What the task asks - Among the records below, find the line with "Lange roze chiffon" and the line with "Die 6 Felder". Set down both and every line between, exactly and with no pictures, but nothing else.

Data records -
==============================
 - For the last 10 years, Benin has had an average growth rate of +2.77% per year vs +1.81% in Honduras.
==============================
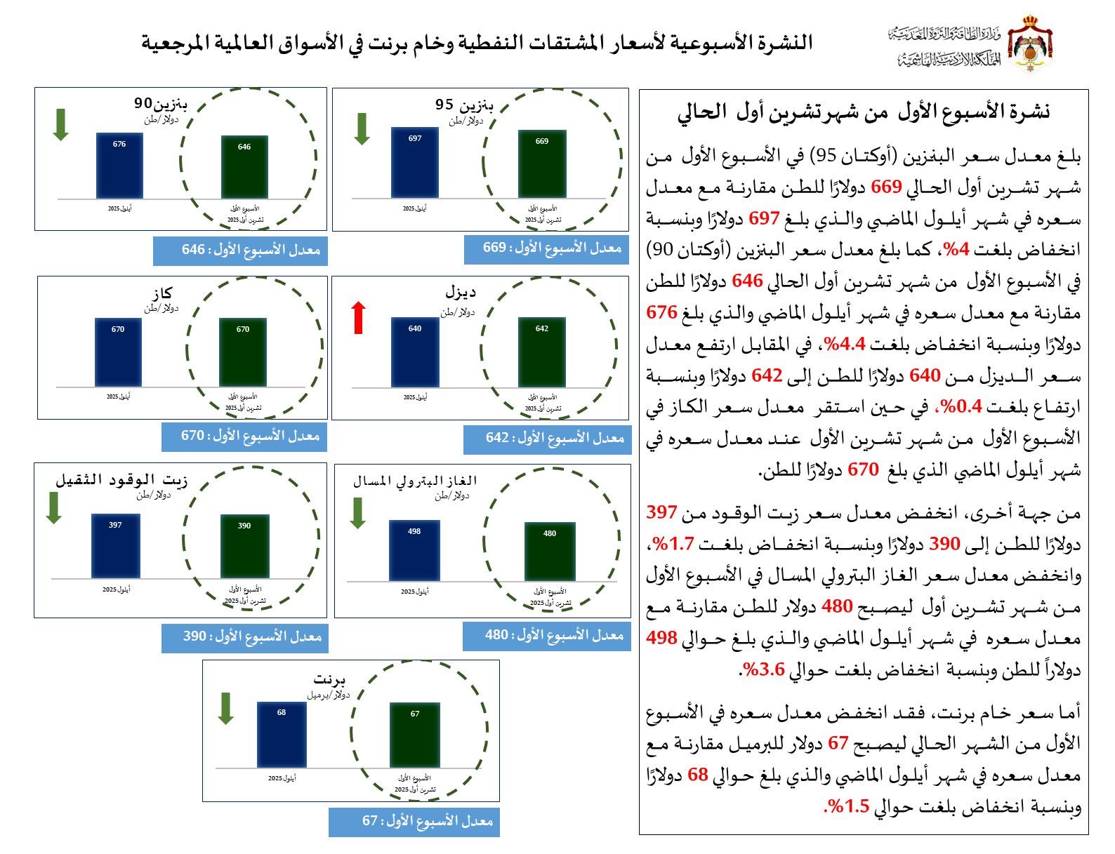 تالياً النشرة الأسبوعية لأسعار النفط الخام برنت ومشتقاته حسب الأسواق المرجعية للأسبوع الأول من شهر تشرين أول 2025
==============================
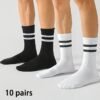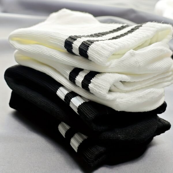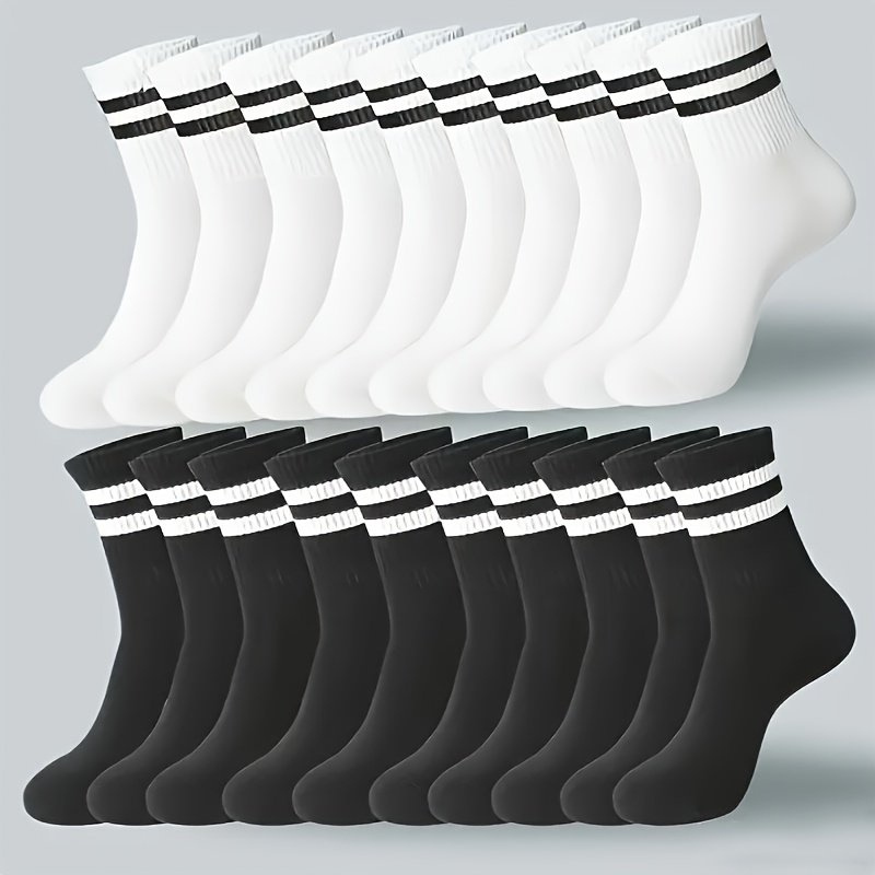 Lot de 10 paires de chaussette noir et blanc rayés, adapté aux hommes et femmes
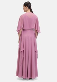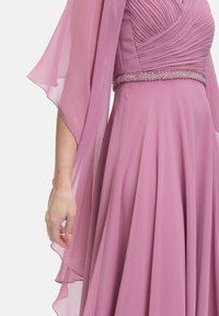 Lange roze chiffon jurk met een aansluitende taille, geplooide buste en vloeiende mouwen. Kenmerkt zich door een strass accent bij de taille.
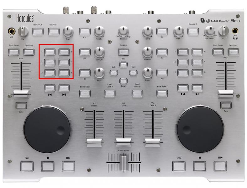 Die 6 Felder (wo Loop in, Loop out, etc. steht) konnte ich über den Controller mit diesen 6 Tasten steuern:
==============================
Response to the task -
 Lange roze chiffon jurk met een aansluitende taille, geplooide buste en vloeiende mouwen. Kenmerkt zich door een strass accent bij de taille.
 Die 6 Felder (wo Loop in, Loop out, etc. steht) konnte ich über den Controller mit diesen 6 Tasten steuern:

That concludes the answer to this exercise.